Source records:
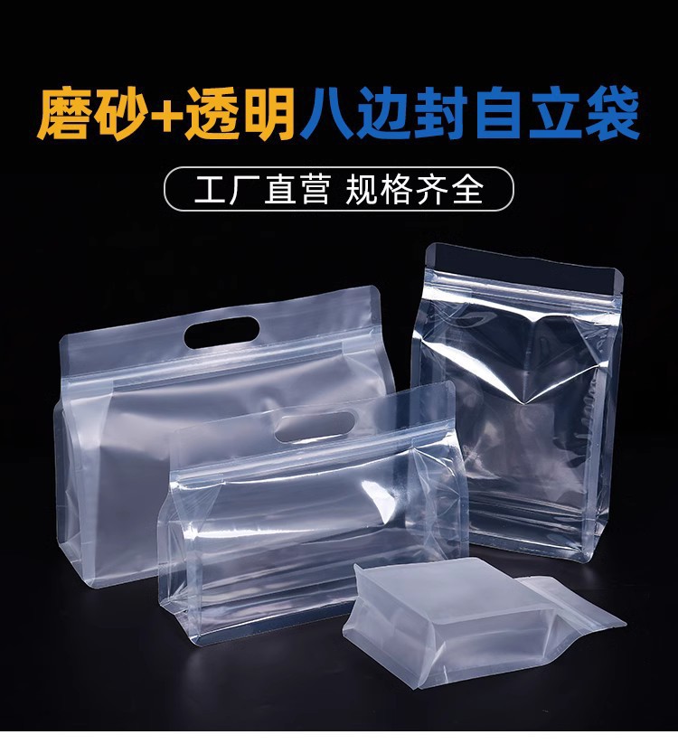 Прозрачный восьмисторонний пакет для запечатывания пластиковый пакет на молнии
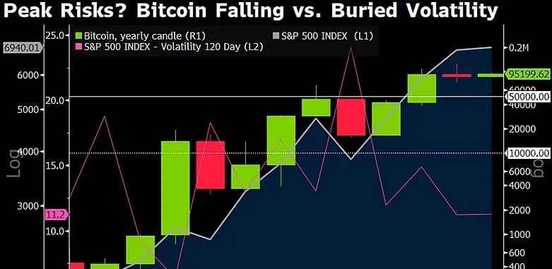 Selain komentar tertulisnya, McGlone membagikan sebuah grafik berjudul “Peak Risks? Bitcoin Falling vs. Buried Volatility,” membandingkan lilin tahunan BTC dengan indeks S&P 500 dan volatilitas ekuitas 120-hari. Grafik tersebut menggambarkan penurunan volatilitas bersamaan dengan peningkatan tolok ukur ekuitas, sebuah kombinasi yang dia pandang secara historis tidak menguntungkan untuk kenaikan crypto yang berkelanjutan.
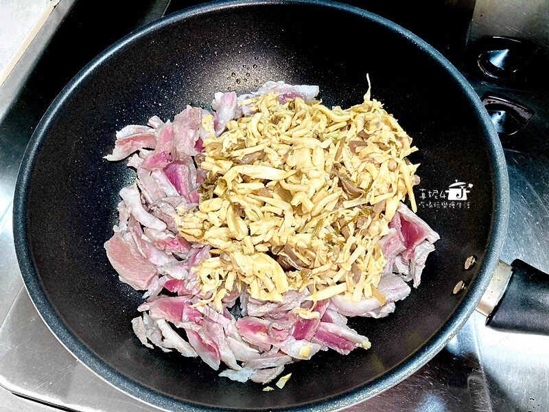 單吃鹹菜筍會覺得油,筍絲和豬肉片混炒後口感變柔和,肉片的口感是滑軟爽脆~好吃喔
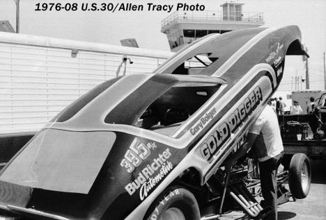 Notes: Gary was at Martin, Michigan, in August for the PHR Championships. The car broke in the qualifying round. Michael Beach photo from Martin, MI, 1976. |
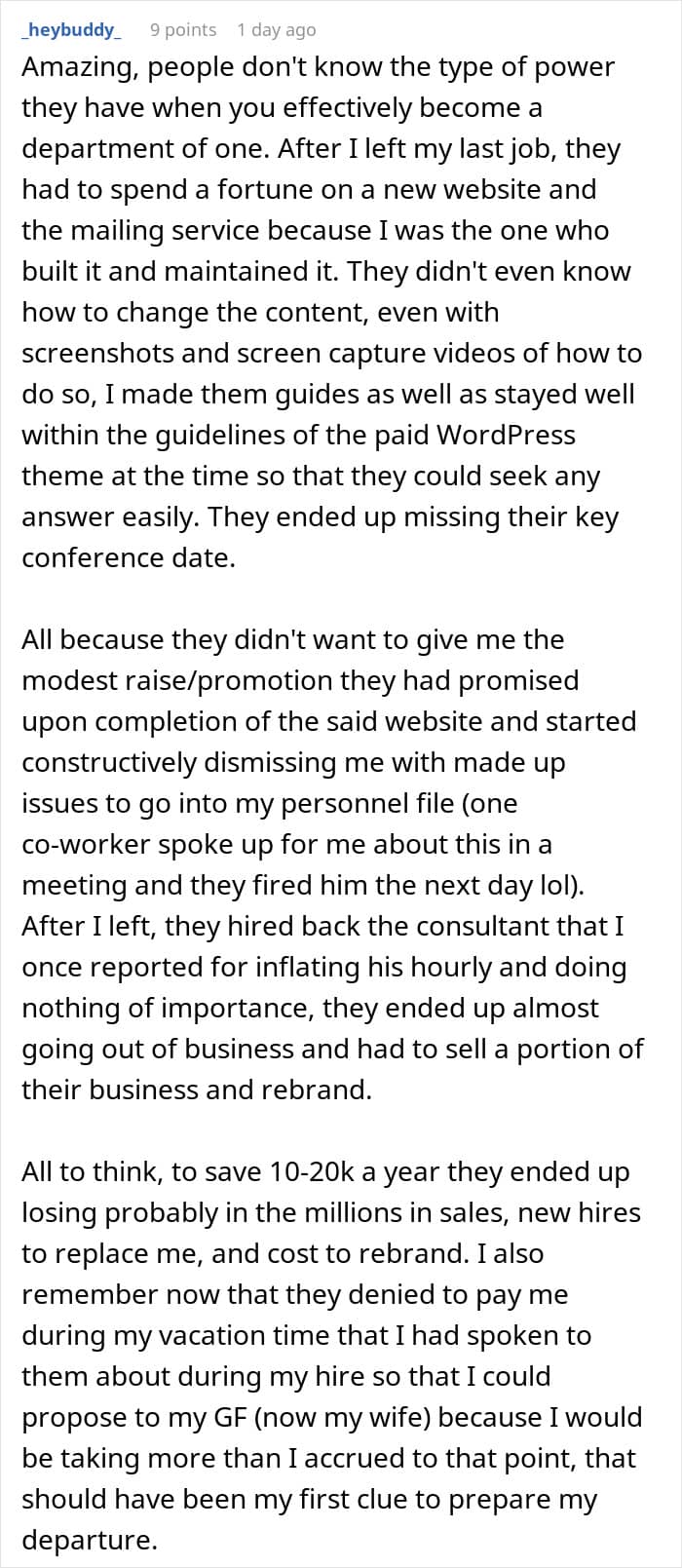 After leaving the company, the Redditor invested time in themselves, and it paid off. “I have been working on myself while looking for my next gig, and I got one about a month after my last day at the media company.”
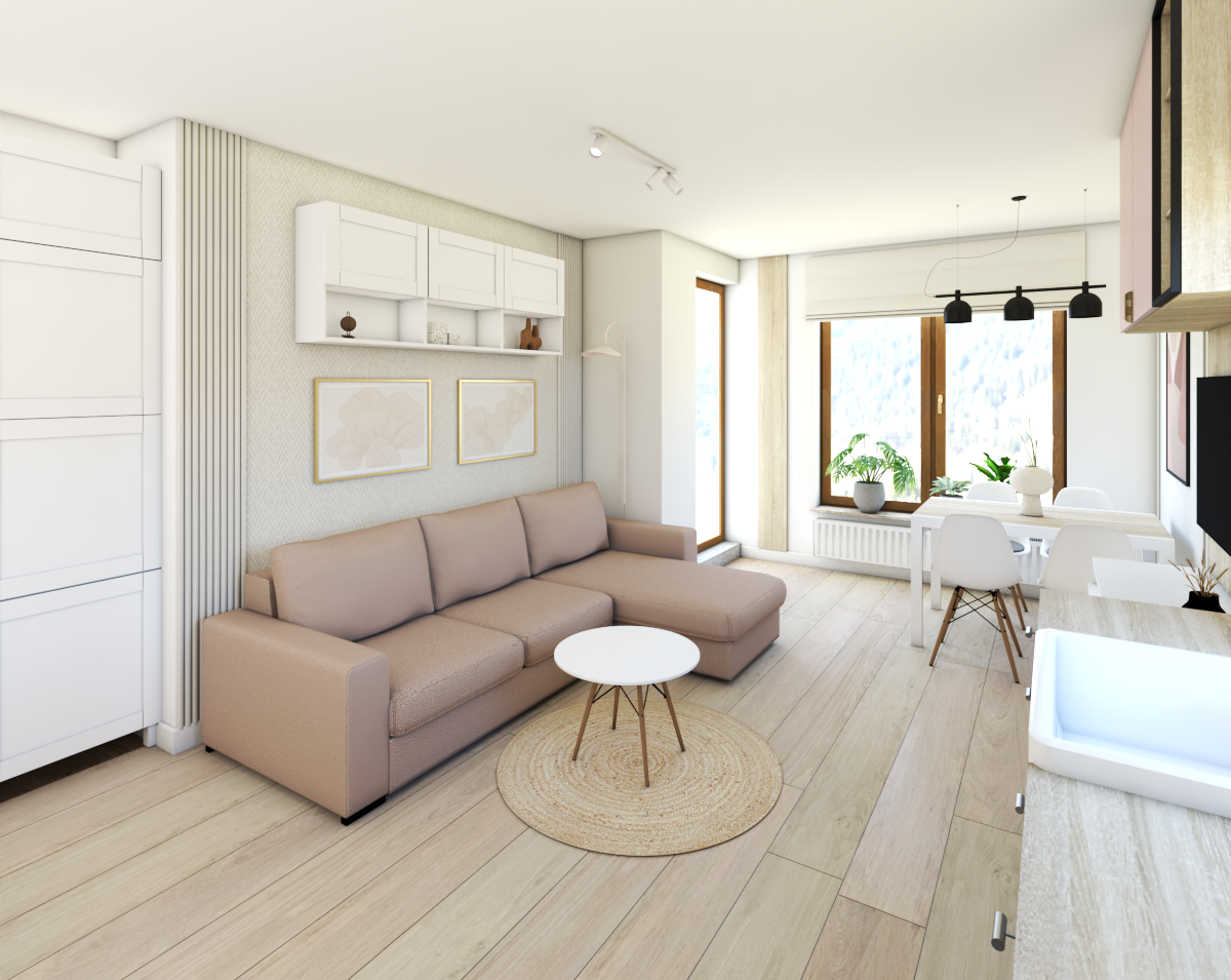 Nowoczesny salon z aneksem kuchennym w Gdańsku: Subtelny mariaż pasteli i dębu: Analiza Przestrzeni: Ergonomia w estetycznym wydaniu Strefa jadalniana, zlokalizowana tuż przy dużym przeszkleniu, płynnie łączy kuchnię z salonem. Stół o lekkiej konstrukcji z krzesłami inspirowanymi ikonami designu (modele DSW) nie przytłacza wnętrza, a czarna, liniowa lampa nad blatem stanowi mocny, graficzny akcent, który porządkuje przestrzeń. Detale i Oświetlenie: Gra tekstur i barw Oświetlenie zostało zaprojektowane wielostrefowo: Oświetlenie techniczne: Białe szynoprzewody pozwalają na precyzyjne kierowanie strumieniem światła na strefy robocze i komunikacyjne. Oświetlenie nastrojowe: Designerskie oprawy nad stołem oraz dyskretne podświetlenia wnęk budują klimat wnętrza po zmroku, wydobywając strukturę pionowych lameli dębowych, które oddzielają przedpokój od strefy wypoczynkowej. Dane techniczne Metraż projektu: Ok. 45 m² (strefa dzienna). Lokalizacja: Gdańsk, nowe budownictwo. Użyta paleta barw: Szałwiowa zieleń, pudrowy róż (blush pink), naturalny dąb, czyste złoto akcentów, biel. Kluczowe materiały: Laminat dębowy, matowy MDF, ceramika, juta (dywan), tekstylia o grubym splocie.
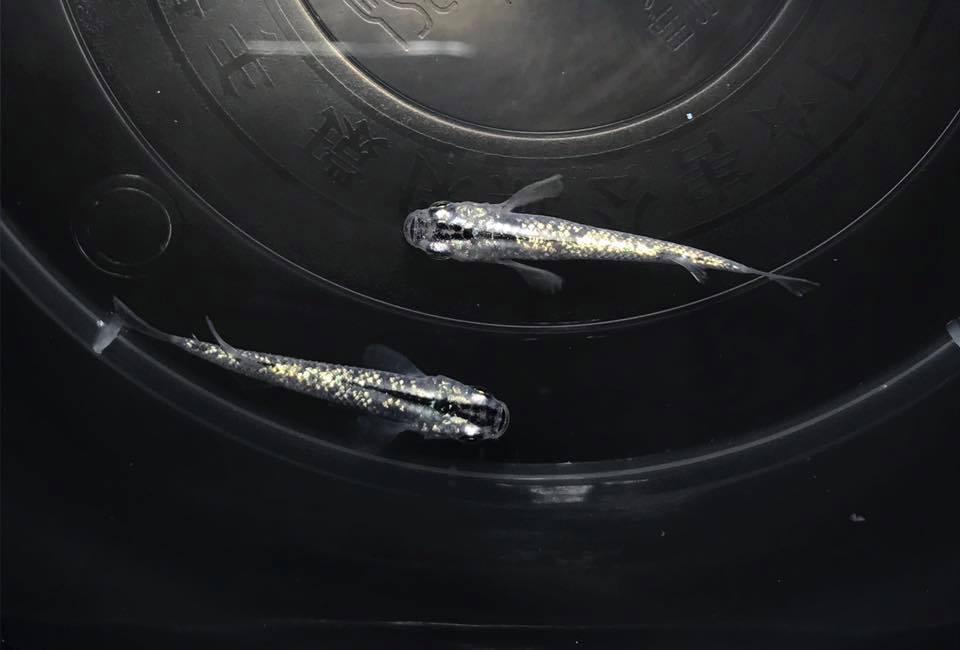 Medaka die in einem Lame Stamm mit anderer Grundfarbe vorkamen!

WHAT TO PRODUCE:
The entries are to be printed exactly as written; the pictures are to be left out.

ANSWER TO THIS TASK:
 Прозрачный восьмисторонний пакет для запечатывания пластиковый пакет на молнии
 Selain komentar tertulisnya, McGlone membagikan sebuah grafik berjudul “Peak Risks? Bitcoin Falling vs. Buried Volatility,” membandingkan lilin tahunan BTC dengan indeks S&P 500 dan volatilitas ekuitas 120-hari. Grafik tersebut menggambarkan penurunan volatilitas bersamaan dengan peningkatan tolok ukur ekuitas, sebuah kombinasi yang dia pandang secara historis tidak menguntungkan untuk kenaikan crypto yang berkelanjutan.
 單吃鹹菜筍會覺得油,筍絲和豬肉片混炒後口感變柔和,肉片的口感是滑軟爽脆~好吃喔
 Notes: Gary was at Martin, Michigan, in August for the PHR Championships. The car broke in the qualifying round. Michael Beach photo from Martin, MI, 1976. |
 After leaving the company, the Redditor invested time in themselves, and it paid off. “I have been working on myself while looking for my next gig, and I got one about a month after my last day at the media company.”
 Nowoczesny salon z aneksem kuchennym w Gdańsku: Subtelny mariaż pasteli i dębu: Analiza Przestrzeni: Ergonomia w estetycznym wydaniu Strefa jadalniana, zlokalizowana tuż przy dużym przeszkleniu, płynnie łączy kuchnię z salonem. Stół o lekkiej konstrukcji z krzesłami inspirowanymi ikonami designu (modele DSW) nie przytłacza wnętrza, a czarna, liniowa lampa nad blatem stanowi mocny, graficzny akcent, który porządkuje przestrzeń. Detale i Oświetlenie: Gra tekstur i barw Oświetlenie zostało zaprojektowane wielostrefowo: Oświetlenie techniczne: Białe szynoprzewody pozwalają na precyzyjne kierowanie strumieniem światła na strefy robocze i komunikacyjne. Oświetlenie nastrojowe: Designerskie oprawy nad stołem oraz dyskretne podświetlenia wnęk budują klimat wnętrza po zmroku, wydobywając strukturę pionowych lameli dębowych, które oddzielają przedpokój od strefy wypoczynkowej. Dane techniczne Metraż projektu: Ok. 45 m² (strefa dzienna). Lokalizacja: Gdańsk, nowe budownictwo. Użyta paleta barw: Szałwiowa zieleń, pudrowy róż (blush pink), naturalny dąb, czyste złoto akcentów, biel. Kluczowe materiały: Laminat dębowy, matowy MDF, ceramika, juta (dywan), tekstylia o grubym splocie.
 Medaka die in einem Lame Stamm mit anderer Grundfarbe vorkamen!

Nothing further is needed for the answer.